Два года назад из их коммуналки увели мужа соседки, военного прокурора Сергея Сергеевича Хорошко, близорукого, низкорослого человека с уютной, какой-то рафинадной фамилией. Свете нравилась эта семья, а к Насте Хорошко, черноглазой и смешливой дочке прокурора, относилась как к младшей сестренке. Мать Насти служила в цирке на Цветном бульваре администратором и иногда просила старшеклассницу Свету Норштейн забрать из детского садика Настю и привести ее в цирк, чтобы малышка не оставалась без присмотра. Однажды Настя накормила свою «большую» подругу вкуснейшими сочными грушами. Дело было так. В цирке работал униформист Макуев, очень симпатизировавший Елене Петровне Хорошко. Напротив цирка, в середине Цветного бульвара, находился рынок, где за немалые деньги продавали фрукты, овощи, мясо, колбасы. Купить все это мало кто из москвичей мог себе позволить — большинство горожан довольствовались витающими вокруг прилавков запахами. И вот Макуев, чтобы побаловать дочку Елены Петровны, изобрел следующее нехитрое приспособление — доску со вбитым в нее гвоздем. Вооруженный такой доской, он подкрадывался к лоткам с задней стороны, просовывал ее через отверстие в заборе, и пока торговец рекламировал прохожим свой товар, у него за спиной этот самый товар уменьшался в количестве. Макуев накалывал груши на гвоздь, вытаскивал их и дарил сияющей от восторга Насте. Один раз в таком налете на рынок участвовала и Света Норштейн. Ей было немного стыдно, но уж больно вкусными оказались груши. Девочки договорились держать все это в строжайшей тайне.

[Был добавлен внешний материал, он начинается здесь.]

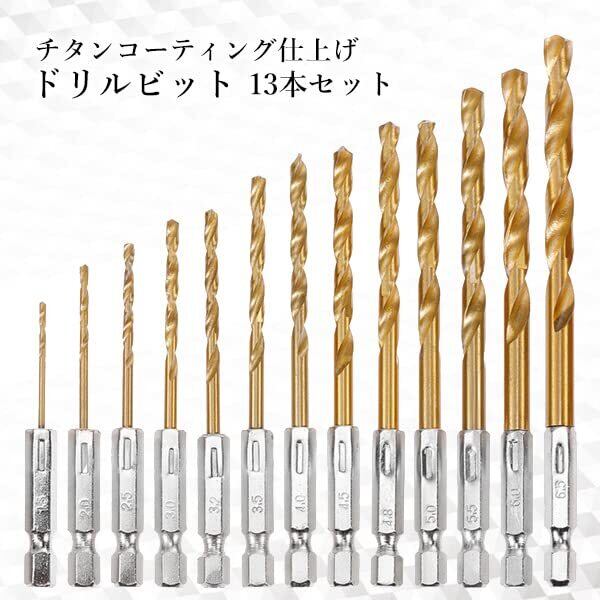 ドリルビット 穴あけ 13本セット DIY 六角軸 インパクトドライバー ドリルドライバー 電動ドリル 鉄工用 木工用 鉄鋼用 万能
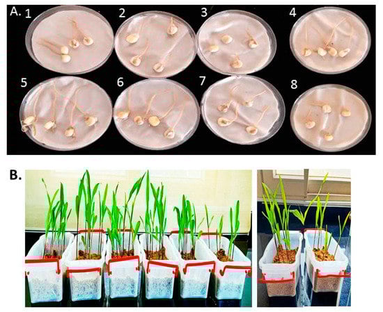 Continued work was also done for more evaluation of the seed germination and plant growth after 14 days post-sowing after transplanting another similar group of the treated seeds in sterilized plastic pots (10 cm diameter × 20 cm height) filled with a mixture of soil and sand at 3:1 (w/w), pH 7.0.
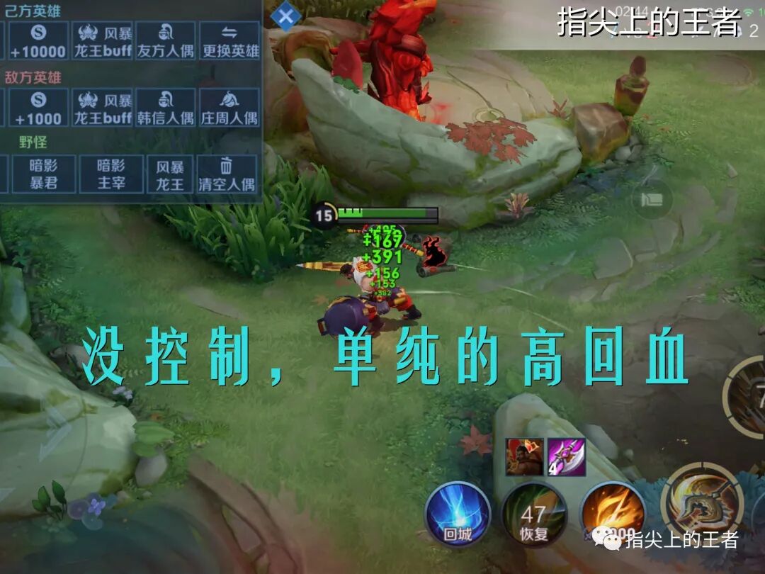回血,高额的回血,的确,在王者荣耀中,生命值就是一切,程咬金技能全部耗血,但也同时会回血,大招一开,作为一个全肉的坦克,在不死鸟之眼的加持下相当于有了两管血量,搭配上一个较远距离的位移,让程咬金很难被抓死。
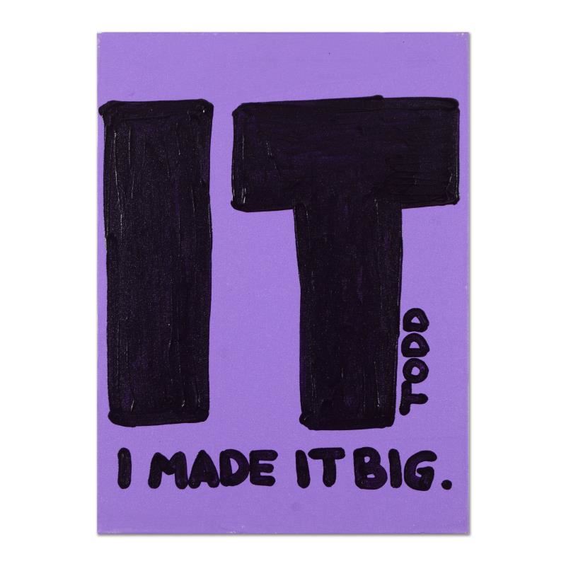"I Made It Big" is an original acrylic painting on canvas by Todd Goldman, hand signed by the artist. This piece comes gallery wrapped. Includes Certificate of Authenticity. Measures approx. 18" x 24" (image). There is minor wear on the corners and edges of the piece.
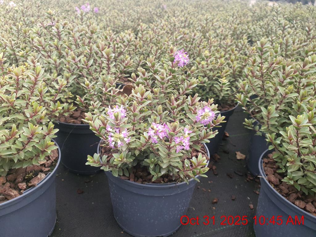 Violet Flowers Jun-Sept. H0.5m S0.5m. Compact. Strong Red New Growth. Evergreen. Sun-Semi Shade.
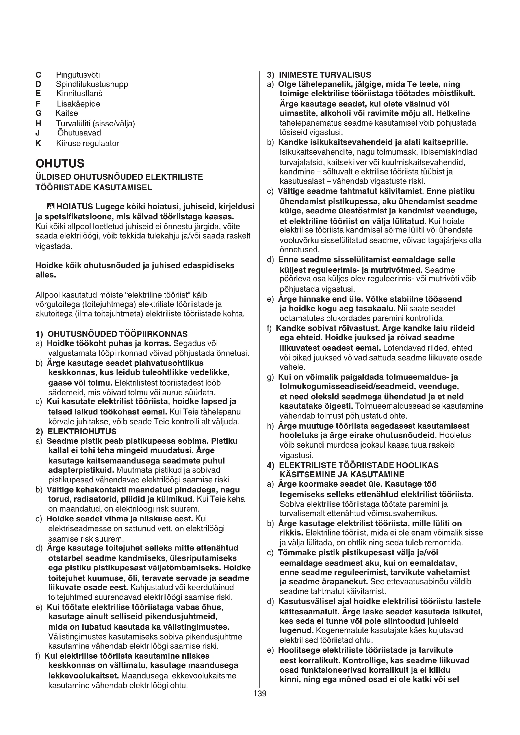a) Ärge koormake seadet üle. Kasutage töö tegemiseks selleks ettenähtud elektrilist tööriista. Sobiva elektrilise tööriistaga töötate paremini ja turvalisemalt ettenähtud võimsusvahemikus. b) Ärge kasutage elektrilist tööriista, mille lüliti on rikkis. Elektriline tööriist, mida ei ole enam võimalik sisse ja välja lülitada, on ohtlik ning seda tuleb remontida. c) Tõmmake pistik pistikupesast välja ja/või eemaldage seadmest aku, kui on eemaldatav, enne seadme reguleerimist, tarvikute vahetamist ja seadme ärapanekut. See ettevaatusabinõu väldib seadme tahtmatut käivitamist. d) Kasutusvälisel ajal hoidke elektrilisi tööriistu lastele kättesaamatult. Ärge laske seadet kasutada isikutel, kes seda ei tunne või pole siintoodud juhiseid lugenud. Kogenematute kasutajate käes kujutavad elektrilised tööriistad ohtu. e) Hoolitsege elektriliste tööriistade ja tarvikute eest korralikult. Kontrollige, kas seadme liikuvad osad funktsioneerivad korralikult ja ei kiildu kinni, ning ega mõned osad ei ole katki või sel C Pingutusvõti D Spindlilukustusnupp E Kinnitusanš F Lisakäepide G Kaitse H Turvalüliti (sisse/välja) J Õhutusavad K Kiiruse regulaator OHUTUS
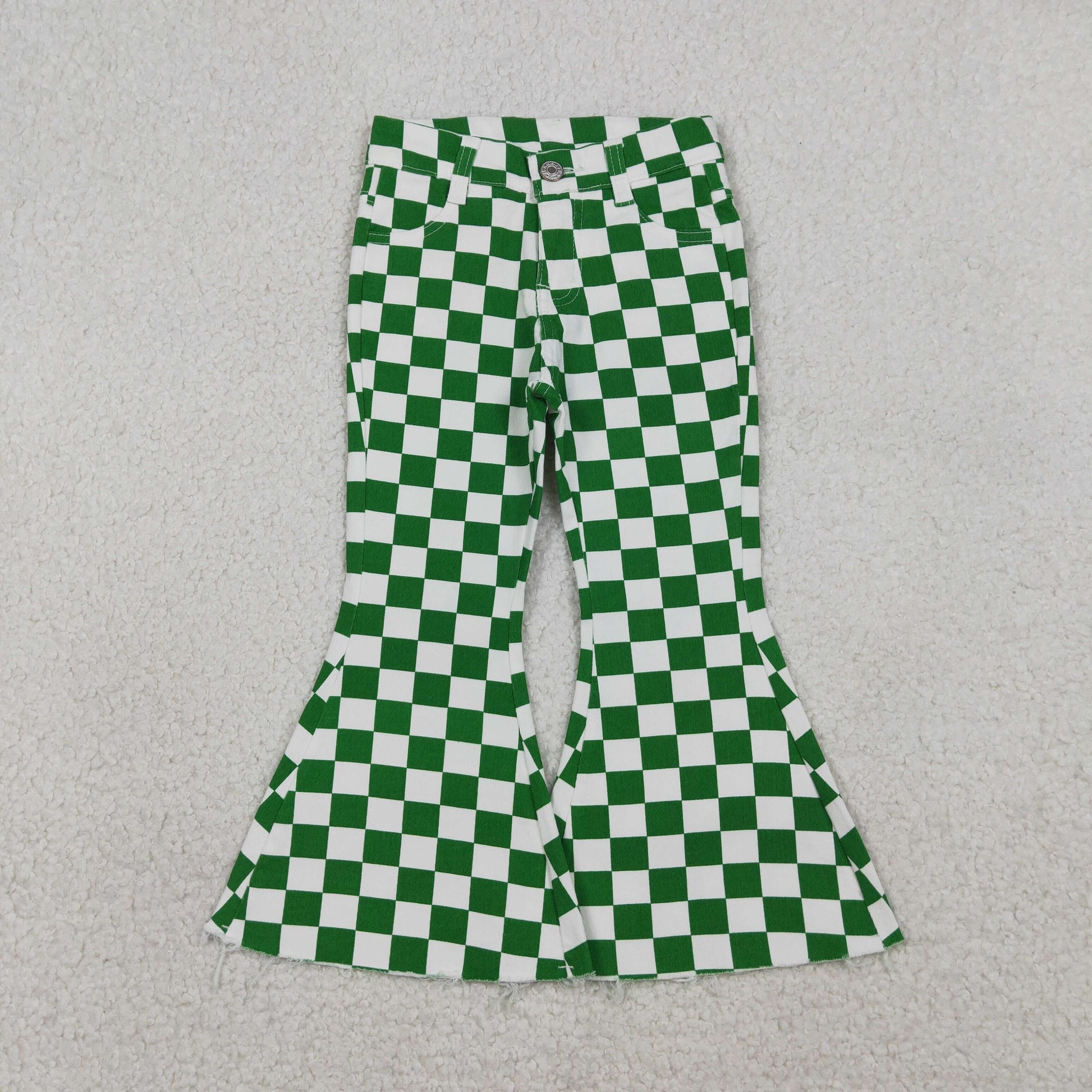 P0841 Girls Green White Plaid Denim Bell Bottom Pants Jeans 202601 RTS

После ареста Сергея Сергеевича два дня в комнате Хорошко орудовали люди в форменных кителях, фуражках с синим верхом и в брюках с такими же синими лампасами. Они молча и методично перерывали все вверх дном, читали все письма и бумаги, даже подняли дощатый пол. Потом, спустя неделю, по «вороньей слободке» пошел слух, что Хорошко разоблачен как английский шпион. Лев Семенович после этого происшествия несколько дней молча, не закусывая, хлестал водку, которую покупал в магазине на углу Борисоглебского и Молчановки, и не разговаривал ни с женой, ни с дочерью. Засыпал, просыпался и снова плелся в продуктовый. Мария Владимировна тогда сказала Свете:
— Не трогай отца. Он справится.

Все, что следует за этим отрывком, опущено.